The qualifying organisations include federally qualified health centres, Ryan White HIV/AIDS programme grantees, certain children’s hospitals, certain critical access hospitals, disproportionate share hospitals serving a high share of low-income patients, and several other categories defined in statute. The intent of the programme, in its original Congressional framing, was to allow safety-net providers to stretch limited federal resources further by reducing what they pay for outpatient medications.
For specialty pharmaceuticals — biologics, plasma-derived therapies, oncology agents, immunology medications — the 340B price differential is meaningful. Specialty drugs frequently cost tens or hundreds of thousands of dollars per patient per year, and the 340B discount creates a margin that safety-net institutions can use to fund care that would not otherwise be financially sustainable.
How a 340B specialty pharmacy actually operates
A 340B Specialty Pharmacy is a specialty pharmacy that contracts with one or more 340B-eligible covered entities to dispense medications under 340B pricing for eligible patients of those entities.
The model is operationally complex. The pharmacy must verify patient eligibility under the contract pharmacy rules, maintain inventory separation or virtual inventory management to track 340B-purchased drugs separately from non-340B inventory, comply with HRSA audit requirements, and avoid duplicate discounts where Medicaid rebates would also apply.
The compliance burden is real. HRSA audits, manufacturer audits, and self-audits are all part of the operating environment, and the documentation requirements are substantial. Specialty pharmacies operating in this space typically maintain dedicated 340B compliance teams alongside their clinical and dispensing operations.
The Health Affairs journal and various peer-reviewed health policy publications have documented both the benefits and the controversies of the programme over its three decades, with debate continuing about scope, qualifying entity definitions, contract pharmacy arrangements, and manufacturer obligations.
What it changes for patients
For eligible patients receiving care from 340B-qualifying institutions, the programme expands access to specialty therapies that the institution might not otherwise be able to provide.
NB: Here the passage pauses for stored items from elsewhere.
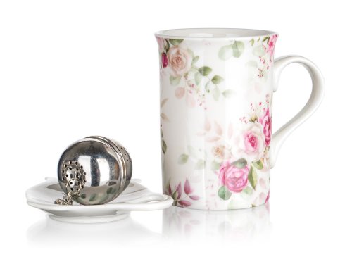 Hrnek 340 ml + tácek ROSE, keramický, sítko nerez, sada 3díl.
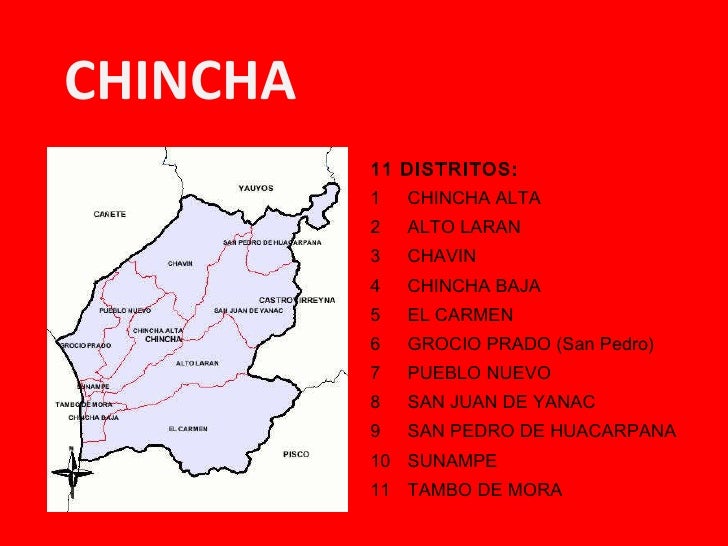La provincia de Chincha, ubicada a 188 kilómetros al sur de Lima en Perú, en el Departamento de Ica, está provincia conformada por 11 distritos y tiene una superficie de 2,988.27 km2. Una.
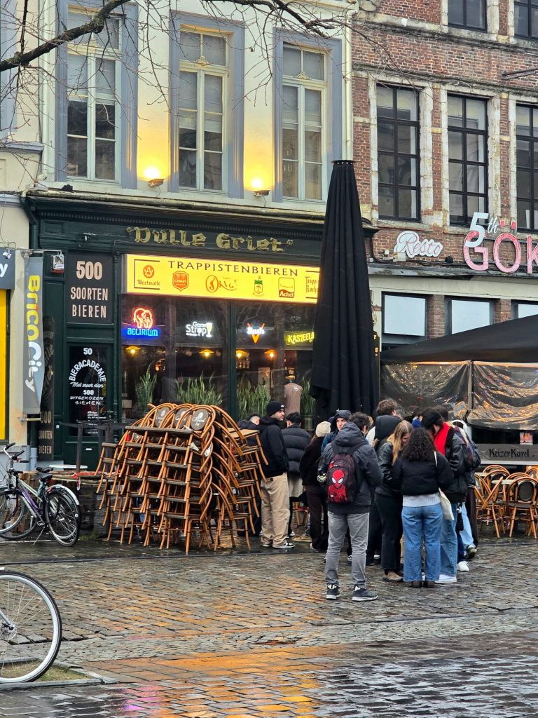 I arrived just as they opened and tried a blonde, and then it started pouring rain, so I sampled two of the others. 😅 They were very good, but I couldn’t tell they were any different than “hopped” beer. I stayed here a while, working on the blog and waiting until the next bar opened: The Dulle Griet. I’d seen this on IG, and knew I had to give it a go.
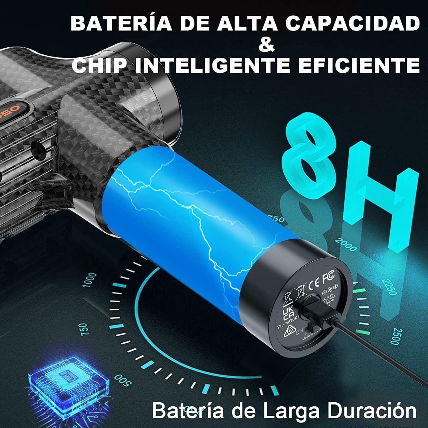 Recargable y portátil: La pistola de masaje de percusión inalámbrica dispone de una batería. Dependiendo del modo utilizado, el tiempo de trabajo puede ser de 6 horas. Viene con una bolsa de transporte que puede contener todos los accesorios.
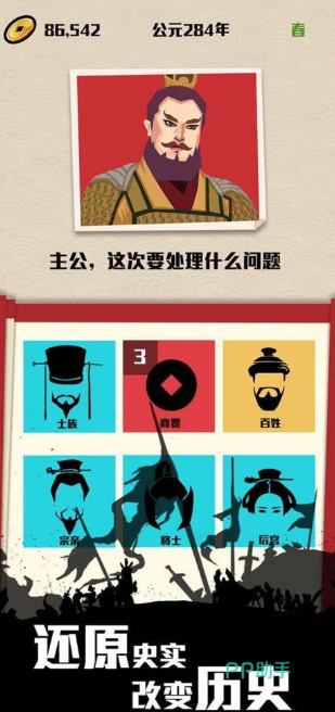 游戏将治国理政转化为一场动态平衡游戏:面对宗亲的贪得无厌、士族的高傲清流、武将的鲁莽直率、百姓的易怒情绪以及后宫的明枪暗箭,你每个决策都将引发连锁反应。数值系统完美模拟现实政治生态——提高士族俸禄可能招致军队不满,强行征税虽能缓解财政危机却可能点燃民变火种。当战事突然爆发,你必须孤注一掷投入巨额军费,这场豪赌将决定你是国运昌隆还是江山易主。
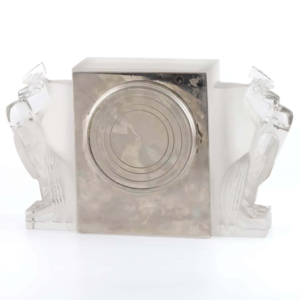 Pendule «Deux Coqs» en verre moulé-pressé satiné et brillant. Mouvement ATO. Signée. Modèle créé le 30 avril 1929, supprimé en 1932.
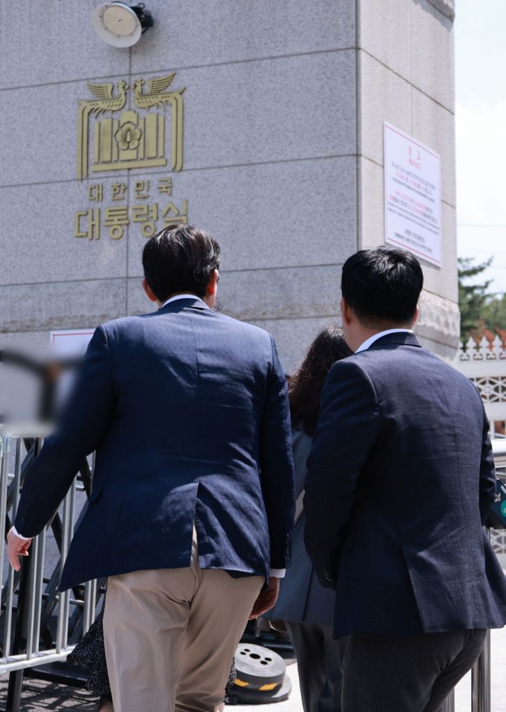 윤석열 전 대통령이 연루된 해병대원 순직 사건 외압 의혹을 수사하는 고위공직자범죄수사처 관계자들이 7일 서울 용산 대통령실 민원실로 들어가고 있다. 연합뉴스
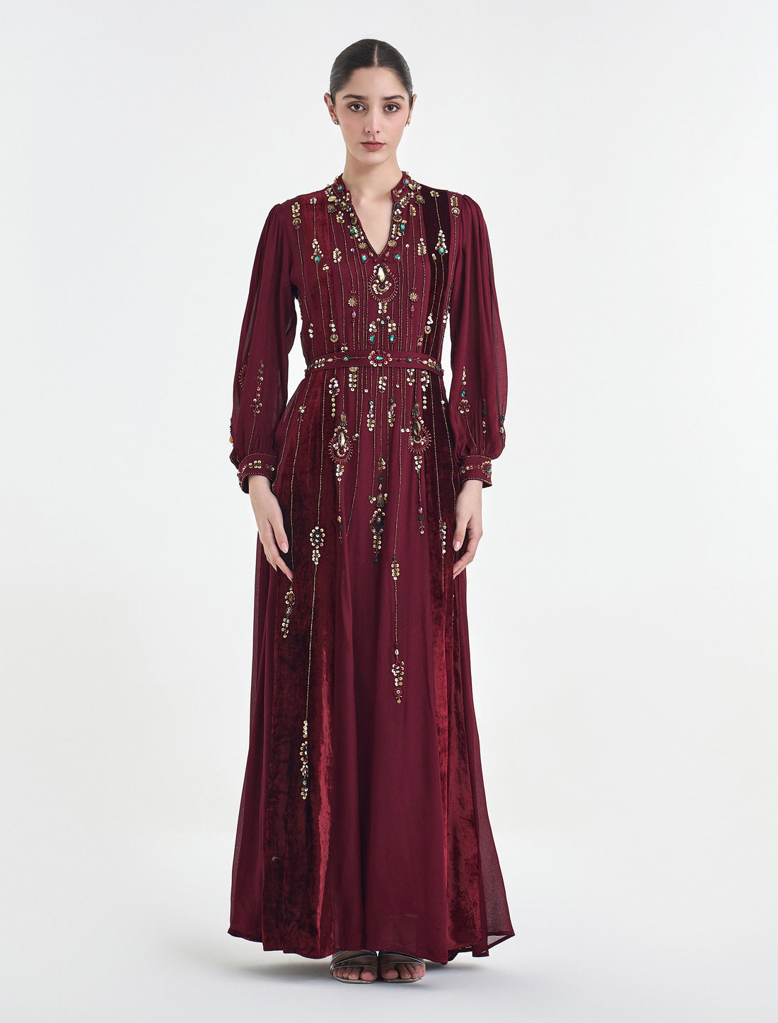 Embrace elegance in this long-sleeve dress with beaded embroidery and a royal-inspired olive green color....
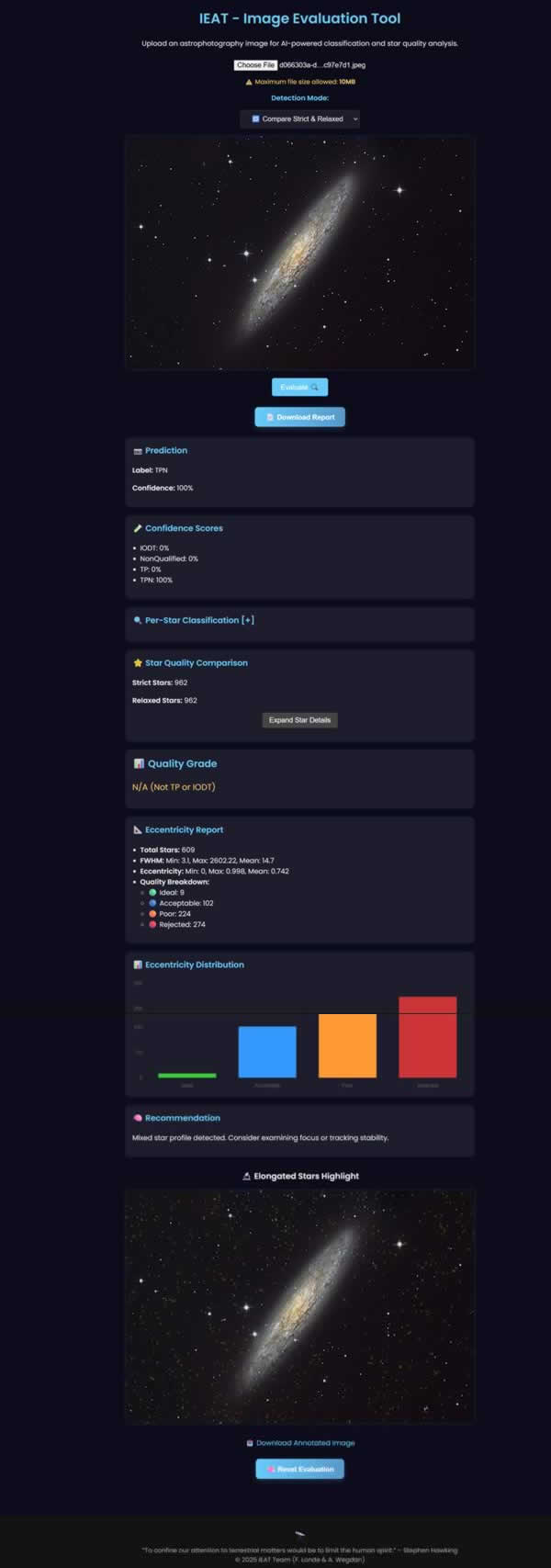IEAT - Image Evaluation AI Tool, is an AI-powered astrophotography evaluator, born to from a shared vision by Ahmed Wegdan (Xee) and myself. An AI that evaluates your images based on the popular Astrobin.com rules for the Image of the Day (IOTD) without any human bias. It ranks images into four categories:

The patient does not see the pricing mechanics; they see expanded availability of medications that would otherwise be financially out of reach for the institution to support.
For the broader system, the programme funds a meaningful portion of the safety-net pharmacy infrastructure in the United States, particularly in rural areas and inner-city federally qualified health centres where conventional pharmacy economics do not support specialty drug provision.
See also: How Everyday Moments Can Impact Our Future Health
FAQ
Who qualifies as a 340B-eligible entity? Federally qualified health centres, Ryan White grantees, certain children’s hospitals, critical access hospitals, disproportionate share hospitals, and several other categories defined in the statute.
Is the patient billed differently under 340B? Patient billing is largely unaffected by 340B. The pricing differential is between the pharmacy and the manufacturer; insurance billing and patient cost-sharing follow the patient’s coverage.
Why is 340B controversial? Debate centres on the scope of the programme, the contract pharmacy arrangements that have grown around it, manufacturer obligations, and the use of 340B revenue by qualifying entities.